Tuesday, February 21, 2012

Unknown3U

CALLING OUT THE NYT ON THE DOMINANT PARADIGM

There was a piece in the NYT over the weekend about the wage increases at Foxconn:
Pressures Drive Change at China’s Electronics Giant Foxconn.

In it, there's this section just four paragraphs in, states the following as obvious fact:

For that system to genuinely change, Foxconn, its competitors and their clients — which include Apple, Hewlett-Packard, Dell and the world’s other large electronics firms — must convince consumers in America and elsewhere that improving factories to benefit workers is worth the higher prices of goods.

“This is the way capitalism is supposed to work,” said David Autor, an economist at the Massachusetts Institute of Technology. “As nations develop, wages rise and life theoretically gets better for everyone.

“But in China, for that change to be permanent, consumers have to be willing to bear the consequences. When people read about bad Chinese factories in the paper, they might have a moment of outrage. But then they go to Amazon and are as ruthless as ever about paying the lowest prices.”

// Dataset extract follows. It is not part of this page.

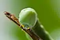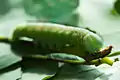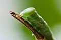 The larva is blue green, turning bright green as it approaches pupation age. It has a large head capsule, yellow mandibles, and yellow longitudinal stripes down its body. It feeds on the leaves of oaks and other deciduous trees (see list below). The larva is sometimes called the green oak caterpillar.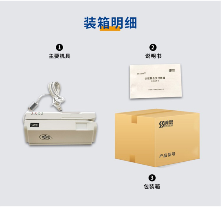 (*由于產品升級或其他原因,神思醫保卡讀卡器SS728-M05P產品實際參數有可能變更,以實際產品為準。本文中的所有陳述、信息和建議也不構成任何明示或暗示的擔保)

There is, of course, another alternative—that the consumer is not alone, and that corporations could realize thinner margins on their devices. Apple makes a 60% gross margin on each device, and as I posted over the weekend from the Bloomberg report, there's a direct correlation between Apple's increasing profit margin and Foxconn's shrinking one, which now has been halved since they started working with Apple and hovers at around 1.5%.

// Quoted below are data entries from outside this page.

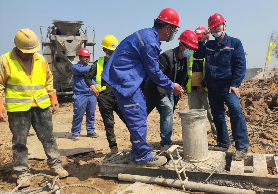 本工程自2022年2月17日開工,至2022年5月10日完成全部合同內容。本工程的工程樁負孔深度和氣化框架的樁頂標高均在-5.3m,尿素裝置的樁頂標高為-3.0m和-4.0m兩種,施工時樁頂混凝土超灌和樁頭質量控制是本項目的一個重點。為保證灌注樁施工過程中樁頂超灌和樁頭質量,項目部現場制作了撈渣器,嚴格控制超灌高度。經開挖檢驗,現場樁頭未存在質量問題。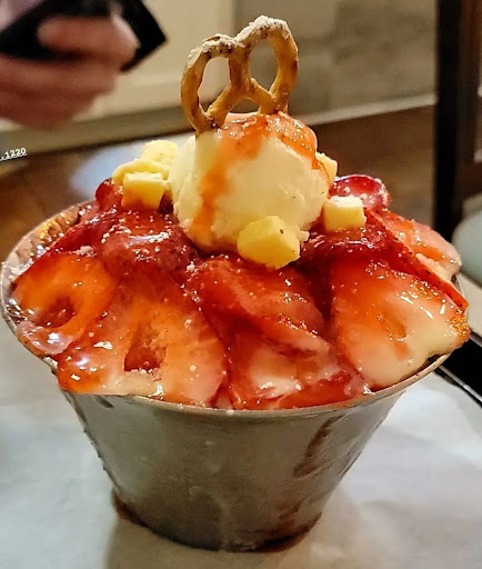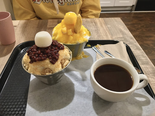 Read moreI came here with a friend to try their shaved ice! I don't think they have the toasts on their menu anymore (although the person who took our order mentioned they were out of stock of a few things, so maybe that was one of the things that was greyed out on the menu) - it was just shaved ice, cake slices, and drinks. The menu as it is still offers lots of options. I was sorely tempted by the beautiful carrot cake in the display, but I had my heart set on shaved ice, so I got the injeolmi snow and an americano to offset the cold dessert in the cold weather. The shaved ice was very creamy, and I enjoyed the nutty flavour of the liberal dusting of soybean powder and red beans with the chewy mochi. There was one big mochi ball on top but I was surprised by how many smaller mochi pieces were mixed in. They definitely did not skimp on toppings for either my shaved ice or for my friend who got the mango snow. My americano actually exceeded my expectations, it was pretty strong and had a rich flavour. Order at the counter and they'll call out your order when it's ready for you to pick up. The person working the front was very nice and gave my friend recommendations. The ambiance is nothing fancy but we found it very comfortable...
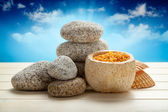 Zdjęcie "spa still life - kamienie i sól do kąpieli" może być wykorzystywane do celów osobistych i komercyjnych zgodnie z warunkami zakupionej licencji Royalty-free. Obraz jest dostępny do pobrania w jakości wysokiej rozdzielczości do 5760x3840.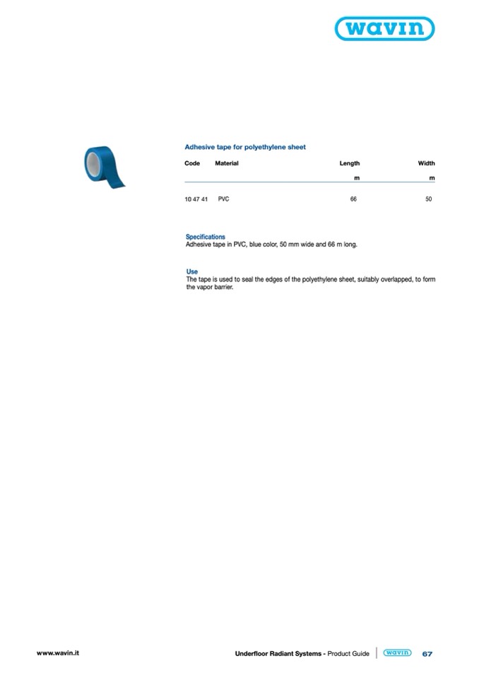 Adhesive tape in PVC, blue color, 50 mm wide and 66 m long.

I love that Mr. Autor speaks with such clean authority: This is the way capitalism is supposed to work. The corporations do their part, and then if consumers make the strategic mistake of caring about anything or anyone, the responsibility is entirely and totally theirs.

It also does a really disgusting thing—it transfers the direct responsibility for these conditions from the corporations, whom we naturally have expected to follow the rule of law and have not, and instead blames the users. It equates the public looking for the cheapest electronic at Amazon as being totally morally equivalent with the ethical decisions Apple made when it systematically ignored its own evidence for years and continued to work people to death.

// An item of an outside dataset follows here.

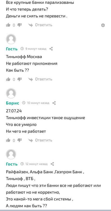 The Russian bank "Dom.RF" was added to the affected VTB Bank, Alfa Bank, SebrBank, Raiffeisen Bank, RSHB Bank, Rosbank, Gazprombank, T-Bank and iBank. The operation of the brokerage application "T-Investments" has also been blocked. Since the Russian Federation raised key rates to 18% on July 26, it is impossible to carry out any banking operations due to the lack of access to services, which leads to the loss of funds for the population.

This is presented toward the top of the article in a blase manner, as though it is so obvious it does not require discussion.

I see this again and again, where even organizations like the NYT will give these views a broad foundation, without any dissent presented, despite the fact that the largest pressure that has led to this situation is not a rapacious customer base but the unending hunger of the corporations to increase their profit margins at all costs.

Mr. Duhigg and Mr. Barboza's work in documenting the stories at Foxconn have been admirable. I hope they will apply the same kind of rigor to their analysis—just as responsibility for the creation of this situation did not derive directly and wholly from the public, and even though it is the people who often have the role of cleaning up these messes, it doesn't mean they are culpable in a direct way for the crimes.